Data collection and refinement statistics for H5 HA in complex with Compound CBS1117.
(A) Ribbon diagram of H5 HA in complex with CBS1117. The compound is shown in green and the HA1 and HA2 subunits of one protomer are colored cyan and pink, respectively. The fusion peptide and stem loop are colored red and blue, respectively. (B) H5 HA surface shown with the 2Fo − Fc difference (gray mesh, contour level at 1 σ). The HA1 and HA2 subunits of one protomer are colored cyan and pink, respectively; the fusion peptide is colored red.
(A) Ligplot analysis of CBS1117 interactions with H5 HA. Polar interactions between the chlorine atoms of CBS1117 and residues HA1-T325 and HA2-T49 are shown as green dashes. (B) Surface representation of the interactions between CBS1117 (green) and H5 HA side chains (yellow); the HA1 and HA2 subunits of one protomer are colored cyan and pink, respectively, and the fusion peptide is colored red.
Cartoon representation of the interactions between CBS1117 (green) and H5 HA side chains (yellow). The HA1 and HA2 subunits of one protomer are colored cyan and pink, respectively, and the fusion peptide is colored red.
(A) WaterLOGSY NMR of CBS1117 in the presence and absence of H5 HA. Experimental conditions were 100 μM CBS1117 ± 5 μM H5 HA in 20 mM NaPO4 (pH 7.4), 150 mM NaCl, and 10% 2H2O at 25°C. (B) Relative STD signals of CBS1117 in complex with H5 HA. Experimental conditions were 100 μM CBS1117 + 10 μM H5 HA in 20 mM NaPO4 (pH 7.4), 150 mM NaCl, and 100% 2H2O at 25°C.

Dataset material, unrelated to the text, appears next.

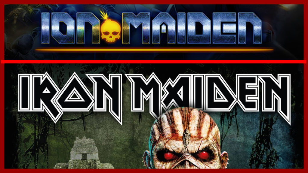 Logotipo do jogo (acima) e logotipo do Iron Maiden com seu mascote Eddie (abaixo). Imagens: Divulgação.

Site-directed and resistance mutants confirm the CBS1117-binding site
Previously, we have generated a set of point mutations in H5 HA in the region near the site of CBS1117 binding, and characterized the mutational effects on expression, processing, receptor binding, and viral entry (Antanasijevic et al, 2014b). To verify the CBS1117-binding site on H5 HA, we assessed the effects of point mutations to inhibition of viral entry by the compound at concentration slightly above the EC50 using a pseudovirus entry assay (Antanasijevic et al, 2014b). Under these conditions, the wild-type exhibits ∼35% entry (Fig 3A, c.f. Hussein et al [2020] for a description of the compound’s dose-dependent inhibition). Mutants HA2-Q42A and HA2-N53A exhibit little effect on inhibition (Fig 3A), suggesting that these mutations do not disrupt the interaction between CBS1117 and H5 HA. In contrast, mutants HA2-I45A, HA2-T49A, and HA2-V52A exhibit significantly reduced inhibition, suggesting that these mutations disrupt the binding of CBS1117 to H5 HA (Fig 3A). As shown by Fig 3B, the residues with the largest effects on the compound’s efficacy are in relatively close proximity and the residues with the smallest effects on the compound’s efficacy are relatively distant. Moreover, HA2-I45 and HA2-T49 form important contacts with CBS1117 (Fig 2B) and thus the observed reduced potency of alanine substitutions at these sites is not surprising. To further establish the CBS1117-binding site, we generated escape mutants in an H1 HA bearing influenza strain (H5 and H1 HA exhibit a high degree of structural homology and thus the HA interactions with CBS1117 are expected to be similar, c.f. Fig S3). Specifically, after nine passages of infectious influenza strain PR8 (H1N1) in the presence of the compound with concentrations of compound increasing every two passages, resistant mutations were found at positions HA1-M323I, HA1-T325I, HA2-N104D, and HA2-F110S (H5 HA numbering). These mutations are very close to the binding site (Fig 3C, residue 323 of HA1 is a leucine in H5 HA). In particular, the HA1-T325I–resistance mutant, as well as the HA1-T325A site-directed mutant discussed above, eliminate a polar interaction with CBS1117 (Fig 2A). In summary, the site-directed mutagenesis and resistance experiments are fully consistent with the protein-compound interactions seen in the x-ray structure (Fig 2A and B), suggesting a similar binding mode in H1 HA.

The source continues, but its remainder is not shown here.